This Video Perfectly Explains Vancouver’s ‘Missing Middle’ Housing Mystery

WATCH: The city has a ton of houses and towers, but what about all the stuff in between?

Christopher Cheung 14 Dec 2020TheTyee.ca

Christopher Cheung writes about the sociology of the city for The Tyee. Follow him on Twitter at @bychrischeung or email him.

You’ve probably seen those postcard pictures of Vancouver, the ones with glassy towers, a pristine shoreline and sublime mountains. But this skyscraper vision of the city represents less than one-fifth of the reality.

The rest? Dominated by houses, houses, houses. As Uytae Lee puts it, “it’s either Super Size or Happy Meal.”

Lee is an urban planning grad and video whiz who’s made explainers for the CBC and his own label, About Here. He teamed up with Vancouver non-profit Urbanarium for his latest production The Missing Middle Mystery.
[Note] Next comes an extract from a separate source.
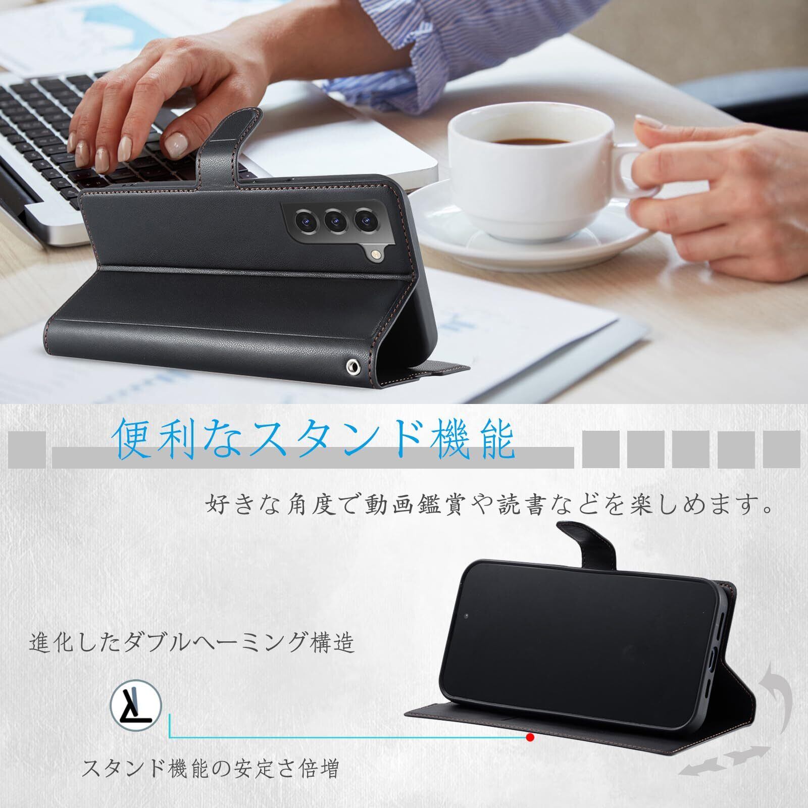 【高品質素材&全面保護】丁寧な作りとこだわりのデザインの手帳型ケースです。耐熱性と柔軟性に優れたPUレザーを使用しており、滑りにくく、指紋や油分が付きにくい仕様です。マグネット開閉機能により、簡単に開け閉めできます。手帳型ならではの全面保護機能で、ディスプレイだけでなく背面もしっかり守ります。さらに、カメラレンズ保護構造により、スマホ本体を360度傷から守ることができます。
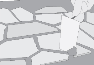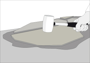 Comenzar por la zona más lejana a la salida, para no tener que pisar las piedras recién instaladas. Presentar en el suelo las primeras palmetas que se van a pegar, esto se hace para calcular la zona que hay que cubrir con el adhesivo, como es de secado rápido, no se quiere cubrir mucha extensión ya que se secaría en el proceso.

Tyee writers, me included, have attempted to answer why the planning ethos here is literally go big or go home: huge towers, or single-family housing. But for a comprehensive walkthrough of how Vancouver got to a “Titanic versus rowboats” style of building and design, Lee delivers.

It’s a crash course on zoning, density, racism and the ridiculousness of public hearings. (There’s a clip from 2009 of people protesting laneway housing, crying, “We will run out of food! We will run out of water!”)

Here’s the original video, with three suggested solutions on how to fill in the housing gap.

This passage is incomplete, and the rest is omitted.